O equipamento — identificado como “Larkin Rescue Frame”, modelo comum em operações de salvamento em altura — também foi montado na beira do desfiladeiro e serve de apoio para cordas de escalada e mosquetões, como os que aparecem nas mãos de um dos alpinistas na em uma foto compartilhada por Tyo Survival, em seu Instagram.
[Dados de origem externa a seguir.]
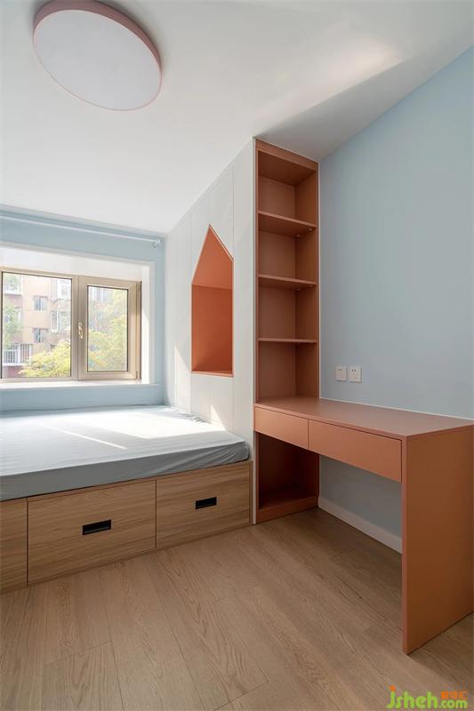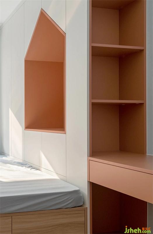 兒童房書桌還有敞開(kāi)格做了橙色,飽和度相對(duì)高一些,跟墻面做一個(gè)強(qiáng)烈的對(duì)比,激活空間。

Sob neblina intensa, o grupo aparece um atrás do outro, conectados por cordas, descendo com cautela pela encosta. A cena, registrada em um dos vídeos compartilhados nas redes sociais, mostra a tentativa dos voluntários de se aproximar o máximo possível do local onde Juliana Marins havia caído. A visibilidade é quase nula, e o terreno escorregadio exigia cautela.
Apesar da aparência de operação oficial, a maioria dos rostos que aparece ali, como o do próprio Agam, atuava de forma voluntária. Em um post feito nesta quarta-feira, a organização comunitário publicou:
“MISSÃO COMPLETA! Obrigado pelas vossas orações e apoio à operação SAR Monte Rinjani durante 5 dias”.
Fora Agam, outros voluntários ganham destaque: os guias Dwi Januanto Nugroho e Syamsul Padhli Otonk, experientes na região de Lombok; o montanhista Furqan Renggoo; e Surya Sangar Rinjani, dedicado à segurança e resgates em ambientes de montanha.
Em uma homenagem publicada nesta quarta-feira nas redes sociais, o guia Dwi Januanto Nugroho — um dos voluntários que participou das buscas por Juliana Marins — dedicou a canção “Aku dan Rinjani” à família da brasileira. Segundo ele, a música fala sobre como a montanha transforma a visão de mundo de quem se aventura por suas trilhas. Dwi também destacou que a história de Juliana nas encostas do Rinjani reacendeu poderosas mensagens de humanidade: coragem, solidariedade, entrega e união.
“Espero que a família de Juliana Marins no Brasil aceite a oferta da música. Entre as várias perspectivas, a história de Juliana Marins nos braços de Rinjani despertou fortes mensagens de humanidade: Coragem, Cuidado, Sinceridade e sobre União. As melhores orações sempre para a alpinista Juliana Marins, Obrigado por sua dedicação e luta, companheiros de equipe”, disse o voluntário Dwi Januanto Nugroho.
A região onde Juliana foi localizada, chamada Cemara Nunggal, fica entre 2,6 mil e 3 mil metros de altitude. O terreno, segundo geólogos, é composto por camadas instáveis de cinzas vulcânicas, areia grossa e fragmentos de rocha — uma herança de erupções registradas desde a Idade Média. Na última década, o Monte Rinjani teve pelo menos quatro grandes explosões, a última em 2016.
Além da altitude, que pode ultrapassar os 3,7 mil metros no cume, os voluntários enfrentaram temperaturas negativas, visibilidade quase nula e a ameaça constante de deslizamentos. A operação chegou a envolver seis equipes e dois helicópteros, mas foi uma equipe terrestre que, descendo pelas encostas, conseguiu localizar o corpo da brasileira quase quatro dias depois do acidente.
Juliana foi encontrada sem vida, presa a um paredão rochoso, visivelmente imóvel. A confirmação da morte foi dada pela família na manhã da terça-feira, após dias de incerteza e de uma campanha intensa por informações e apoio logístico.